No minimizar líos agrarios

 


La semana anterior, se dio un conato de enfrentamiento entre las comunidades de San Juan Bautista Tlacoatzintepec y San Andrés Teotilalpan, en donde se presentó la retención de elementos de la Guardia Nacional y funcionarios estatales. Como éste, Oaxaca tiene entre sus principales problemas de seguridad, centenas de conflictos agrarios que, de ninguna manera pueden ser minimizados, pues a lo largo de la historia contemporánea han dejado muchos muertos y agravios entre las mismas comunidades involucradas. En la conferencia de prensa, luego de concluir la mesa de seguridad del miércoles 26 de abril, el titular de la Secretaría de Gobierno, José de Jesús Romero López, mencionó algunos de los líos agrarios que están latentes, aunque son focos rojos: el que libra Santiago Amoltepec con San Mateo Yucutindoo y Santa Cruz Zenzontepec; el conflicto entre Santo Domingo Teojomulco y San Pedro El Alto o el de San Juan Ñumi y San Juan Mixtepec, entre otros.

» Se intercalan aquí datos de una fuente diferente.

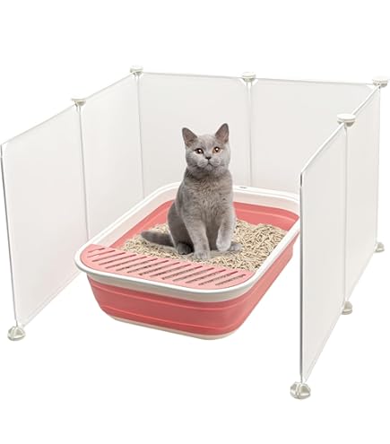 Schluss mit Streu auf dem Boden! Diese drei weißen Spritzschutz-Schilde für deine Katzentoilette sorgen dafür, dass alles drin bleibt, wo es hingehört. Einfach um die Toilette herumstecken – schon ist die Barriere fertig. Aus stabilem PP-Kunststoff, super einfach abzuwischen und hygienisch. Maße: 36 x 36 x 36 cm, also auch für größere Katzenklos geeignet. Die Schilde sind untereinander austauschbar, falls mal was kaputtgehen sollte. Mit dem modernen, dezenten Design sieht das Ganze auch noch gut aus – kein klobiger Klokasten mehr! Perfekt, um deine Wohnung sauber zu halten und deiner Katze trotzdem genug Platz zu bieten. Einfach aufstellen, deine Katze gewöhnt sich schnell dran.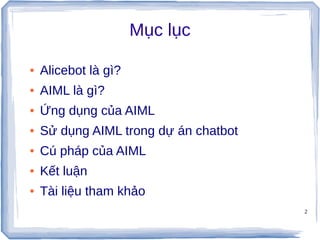 Tài liệu giới thiệu về AIML (Artificial Intelligence Markup Language) và ứng dụng của nó trong việc phát triển chatbot. AIML sử dụng cú pháp XML để xác định các kịch bản giao tiếp, bao gồm các thẻ như <category>, <pattern>, và <template> để xử lý và phản hồi các câu hỏi của người dùng. Ngoài ra, tài liệu cũng đề cập đến các khái niệm như recursion, context, và cách quản lý câu trả lời khi đầu vào không khớp với bất kỳ pattern nào.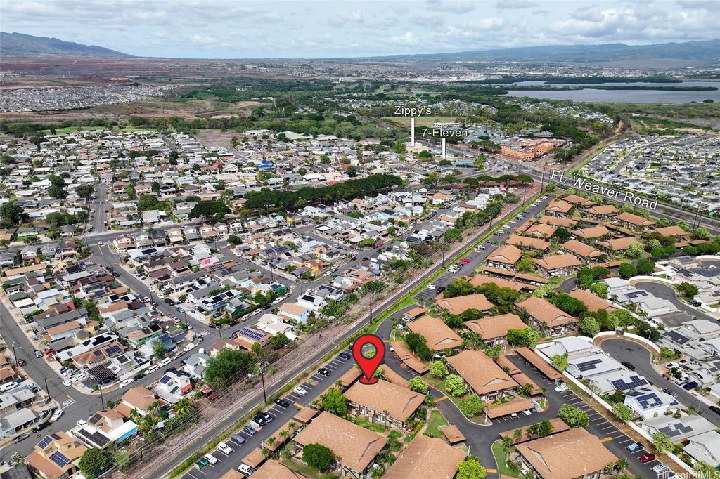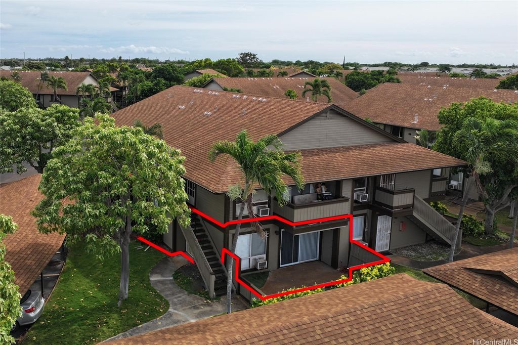 Welcome to Palm Villas! This desirable ground-floor corner unit features 2 bedrooms and 1.5 baths. A major highlight is your DAILY CONVENIENCE: one-car covered parking stall located just steps from your front door, providing comfort and SAFETY. An additional open stall is DIRECTLY ACROSS COVERED STALL, BOTH VISIBLE FROM UNIT. The mailbox cluster, a set of visitor stalls and trash facility are JUST STEPS AWAY FROM THE FRONT DOOR, making daily routines easy and secure. The unit also offers a fenced-in lanai, perfect for privacy and outdoor enjoyment, WITHOUT VIEW of NEIGHBORS. Conveniently located minutes from neighboring strip malls, KA MAKANA ALI'I, and beautiful West O'ahu beaches, shopping, and dining.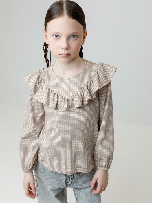 Блузка с воланом для девочки. Изготовлена из высококачественного трикотажного полотна. Оригинальная набивка выполнена из стойких текстильных гипоаллергенных красителей. Блузка сохраняет форму и стойкий цвет после многочисленных стирок и идеально подходит на каждый день. Все трикотажные полотна производятся в соответствии с нормами швейцарского сертификата ЭкоТекс.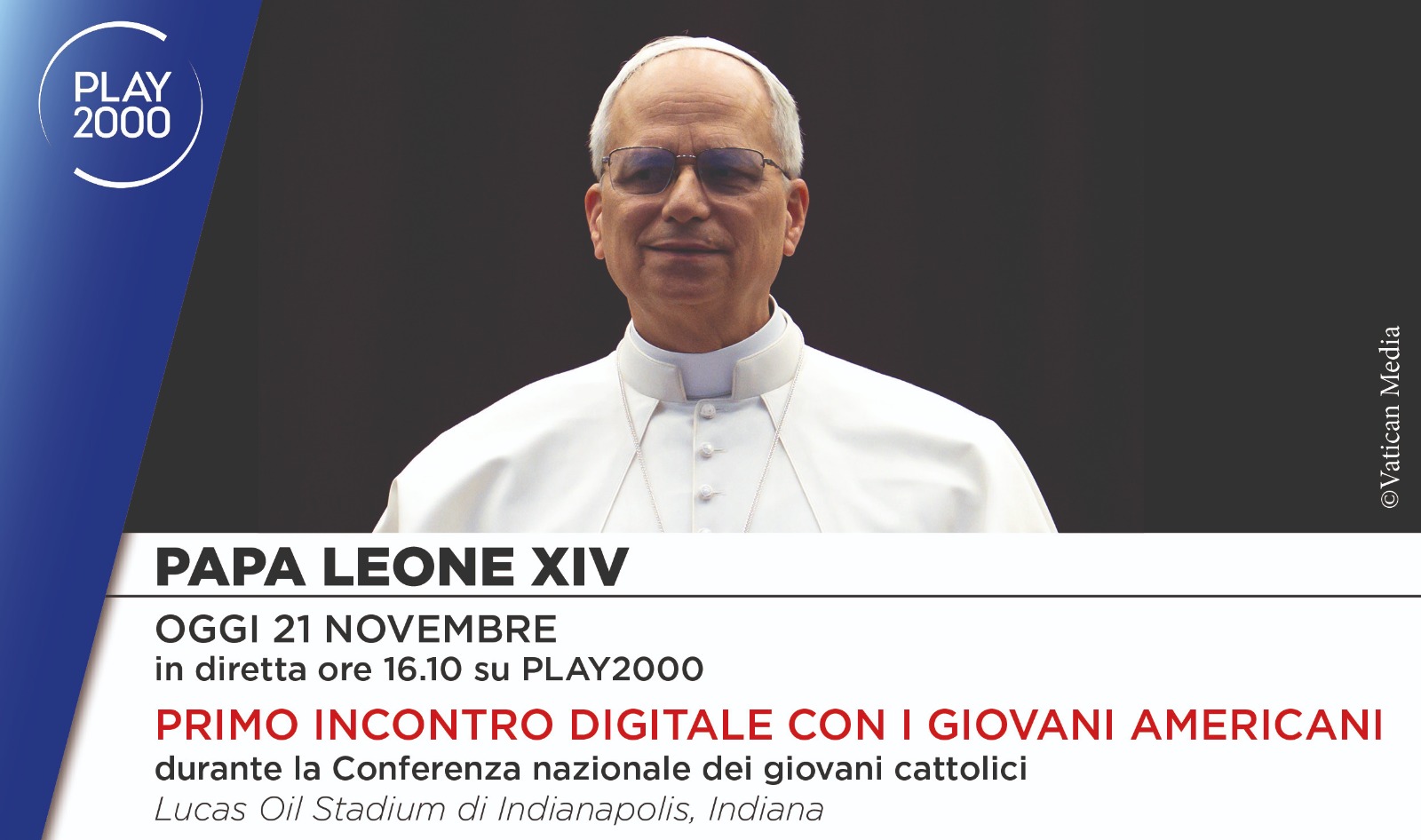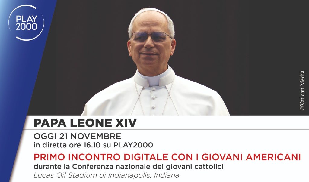 Su Play2000, piattaforma streaming di Tv2000 e Radio inBlu2000, in diretta oggi venerdì 21 novembre alle ore 16.10 il primo incontro digitale di Papa Leone XIV con i giovani americani durante la Conferenza nazionale dei giovani cattolici a Lucas Oil Stadium di Indianapolis, Indiana.

En la actual administración, con el ardid de la justicia y la paz en las comunidades en conflicto, además del diálogo para dirimir controversias, se pretenden privilegiar los llamados acuerdos de paz que, un día firman autoridades municipales y de bienes comunales, para desconocer los términos pactados al día siguiente. Lo vimos en la pasada administración con el viejo conflicto por el agua que traen entre manos San Pedro y San Pablo Ayutla, con su vecina, Tamazulapan del Espíritu Santo. La primera población desmintió al día siguiente que hubiera pactado la paz. No es el único. Al menos en la Sierra Sur, en el distrito de Sola de Vega, los problemas agrarios siguen cobrando vidas, como a lo largo del Siglo XX. Esto es, hay que ir más allá de la foto en donde todos aparecen sonrientes y felices, que sólo es una ficción.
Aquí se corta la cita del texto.